MultiScan: Multiple species motif scanning with heterogeneous background constructed by HtBackground.

Related paper

Chen, G. and Zhou, Q. Heterogeneity in DNA Multiple Alignments: Modeling, Inference, and Applications in motif finding.

Executable programs

 MultiScan (OS executable)

Instructions for running the programs

Assume that the directory containing data, estimate and results is D and the directiory containing the executable program is P.

The following command is used to run the program:
P/MultiScan -r "D/" -t "test_case_23_6sp/" -d "data.txt" -m MYF

Options

-r: Root directory of data and results
-t: Relative directiory of the input data and estimate (this directory should be located within the root directory)
-d: Input multiple alignment file name
-m: Motif name

Input

In D, there should be three directories /data, /estimate and /results, for input data, input parameter estimate, and output files, respectively. In each of them, there should be a directory for a data set. For example, a sample data set is located at D/data/test_case_23_6sp. Its parameters (for both background and motif) are in D/estimate/test_case_23_6sp. Its output results are in D/results/test_case_23_6sp.

In D/data/test_case_23_6sp/, there are three files: data.txt, tree.txt, and map_from_leave_label_to_seq_id.txt.

data.txt contains input alignment. The coding scheme is as follows:
0--gap indicating absense of nucleotide bases, denoted by "-" in UCSC genome browser database;
1--A; 2--C; 3--G; 4--T;
5--alignment is not available, denoted by "=" in UCSC genome browser database (and denoted by "?" in the files showing the original alignments for the sample data set with outgroup in horizontal format upstream_horizontal_alignments_w_outgroup.txt and the one without outgroup in vertical format upstream_vertical_alignments_letters.txt);
6--repeats for the target species of motif finding (for example, human).
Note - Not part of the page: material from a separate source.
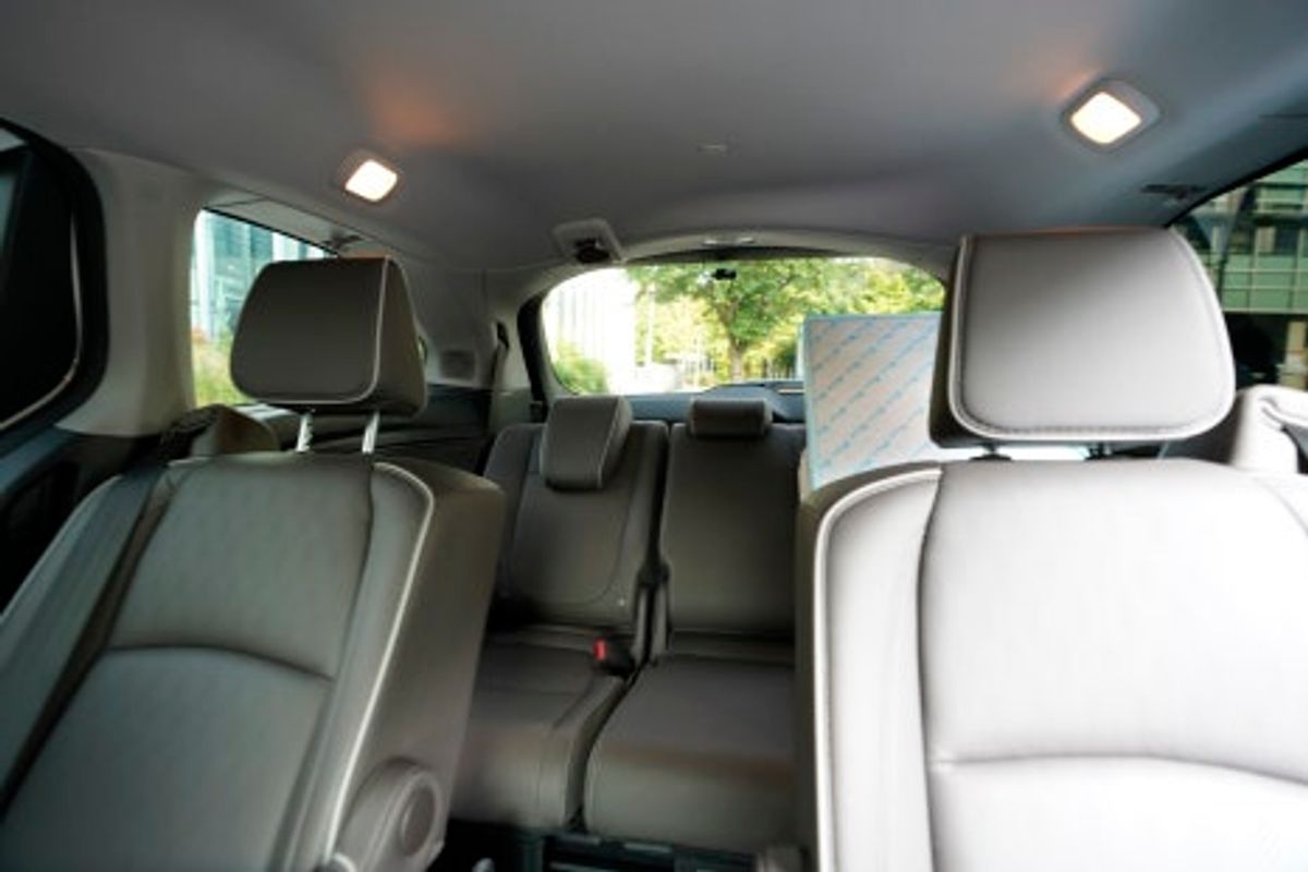 De plus, grâce à la fonction de communication cabine, la voix de l'avant est transmise aux passagers des deuxième et troisième rangées via des haut-parleurs et des écouteurs.

The program does not construct any background for the region where the target species has repeats. All the output are for the data with such regions removed.
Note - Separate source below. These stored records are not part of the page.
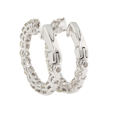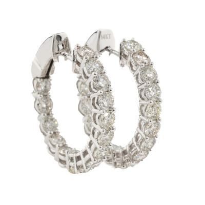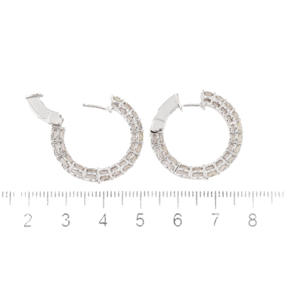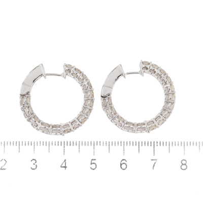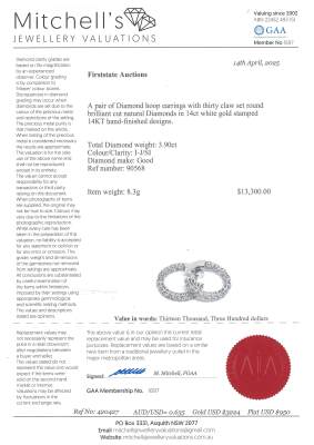 Inside-out Diamond hoop earrings with 30 round Natural Diamonds totalling 3.90ct (Estimated grading: I-J SI). Back of the hoop has the Diamonds set inside the hoop. 14ct white gold. Hoop outer diameter: 2.5cm. Width: 3.2mm. Weight: 8.3g. With Valuation Certificate #420427. (New).
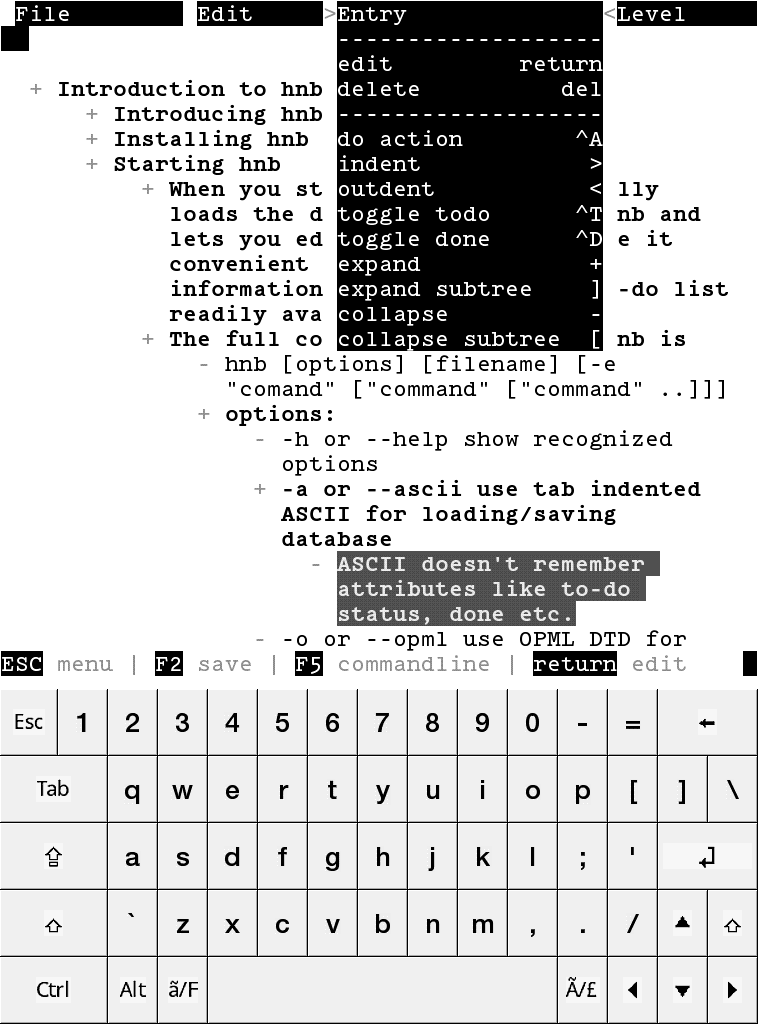hnb - hierarchical notebook.This is a 2003 vintage Linux command line utility. It allows you to create a list of notes indented to any level. Author: Øyvind Kolås. Website: http://hnb.sourceforge.net/ From the man page: "hnb is an ncurses program to organize many kinds of data in one place, for example addresses, todo lists, ideas, book reviews or to store snippets of brainstorming, to make a structured packing list or just to take random notes. It can export ascii/html/latex/postscript, supports todo checkboxes, checkbox trees with percentages and searching. hnb uses a simple ascii file for storing your notes. This file can be specified on the command line. If not specified, ~/.hnb is loaded (or created if missing)." Porting: Though the source code is available, I just extracted the binary from the Debian-Jessie-Armel repository, added a library file and dressed it up in a KUAL package! Needs: Jailbroken Kindle, KUAL, kterm. Should work on: All Kindles from KT1 onwards. Tested OK on: PW1, PW3, KT3. Installation and usage:
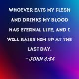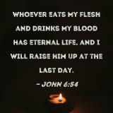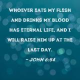 Whoever eats My flesh and drinks My blood has eternal life, and I will raise him up at the last day.

tree.txt contains information (parent node, child node, and branch length between them) of a phylogentic tree estimated from the multiple alignment in upstream_horizontal_alignments_w_outgroup.txt. outfile shows the original output of PHYLIP inference package, and outgroup.txt shows the outgroup species used to locate the root of the tree. Note that the nodes of the original tree are re-labeled with numbers (4->0, 3->1, 2->2, 1->3, cow->4, horse->5, rhesus->6, human->7, chimpanzee->8) in tree.txt.
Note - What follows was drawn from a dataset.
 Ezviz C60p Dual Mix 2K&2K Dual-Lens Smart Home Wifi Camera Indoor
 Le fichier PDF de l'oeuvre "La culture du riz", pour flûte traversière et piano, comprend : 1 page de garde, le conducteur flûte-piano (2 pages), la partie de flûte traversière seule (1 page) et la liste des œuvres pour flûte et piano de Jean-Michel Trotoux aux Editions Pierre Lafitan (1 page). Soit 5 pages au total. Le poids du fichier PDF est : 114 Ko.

map_from_leave_label_seq_id.txt contains mapping from leave labels of a tree to sequence ids in the alignment (i.e., the column number in data.txt).

Estimate

Background parameters (these can be obtained by HtBackground)
HeteMultiDMHMM_estimate_betas_1.txt: Column-wise estimate for transition probabilities of segmented Markov chain (\beta) from A;
HeteMultiDMHMM_estimate_betas_2.txt: Column-wise estimate for transition probabilities of segmented Markov chain (\beta) from C;
HeteMultiDMHMM_estimate_betas_3.txt: Column-wise estimate for transition probabilities of segmented Markov chain (\beta) from G;
HeteMultiDMHMM_estimate_betas_4.txt: Column-wise estimate for transition probabilities of segmented Markov chain (\beta) from T;
HeteMultiDMHMM_estimate_thetas.txt: Column-wise estimate for cell probabilities of multinomial distribution for mutated bases (\theta), in the order of A, C, G, and T;
HeteMultiDMHMM_estimate_deletion_rates.txt: Column-wise estimate for deletion rates;
HeteMultiDMHMM_estimate_mutation_rates.txt: Column-wise estimate for mutation rates.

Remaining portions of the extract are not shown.